__Problem__: Using the data beneath this instruction, retype only the lines from the one that contains "Omlouvám se, mám" down to the one that contains "I stueetagen kan", both included, exactly as they appear.

__Supplied material__:

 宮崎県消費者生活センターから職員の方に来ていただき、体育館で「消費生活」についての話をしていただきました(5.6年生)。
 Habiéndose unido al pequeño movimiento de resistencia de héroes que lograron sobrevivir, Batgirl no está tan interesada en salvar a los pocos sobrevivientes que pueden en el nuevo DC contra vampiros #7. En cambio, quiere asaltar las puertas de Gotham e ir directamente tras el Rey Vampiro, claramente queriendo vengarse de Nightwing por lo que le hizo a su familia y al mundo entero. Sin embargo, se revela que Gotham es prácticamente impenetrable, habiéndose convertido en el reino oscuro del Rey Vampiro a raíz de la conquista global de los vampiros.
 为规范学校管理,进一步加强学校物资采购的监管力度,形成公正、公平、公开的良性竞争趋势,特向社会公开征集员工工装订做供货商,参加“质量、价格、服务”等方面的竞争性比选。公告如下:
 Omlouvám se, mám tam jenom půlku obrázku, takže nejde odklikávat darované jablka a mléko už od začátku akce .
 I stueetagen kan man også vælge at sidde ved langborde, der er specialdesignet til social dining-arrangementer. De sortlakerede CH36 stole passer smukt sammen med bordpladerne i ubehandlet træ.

...

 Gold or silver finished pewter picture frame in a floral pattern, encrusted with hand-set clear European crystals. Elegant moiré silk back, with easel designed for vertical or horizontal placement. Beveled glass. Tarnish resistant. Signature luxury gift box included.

__Answer to this problem__:
 Omlouvám se, mám tam jenom půlku obrázku, takže nejde odklikávat darované jablka a mléko už od začátku akce .
 I stueetagen kan man også vælge at sidde ved langborde, der er specialdesignet til social dining-arrangementer. De sortlakerede CH36 stole passer smukt sammen med bordpladerne i ubehandlet træ.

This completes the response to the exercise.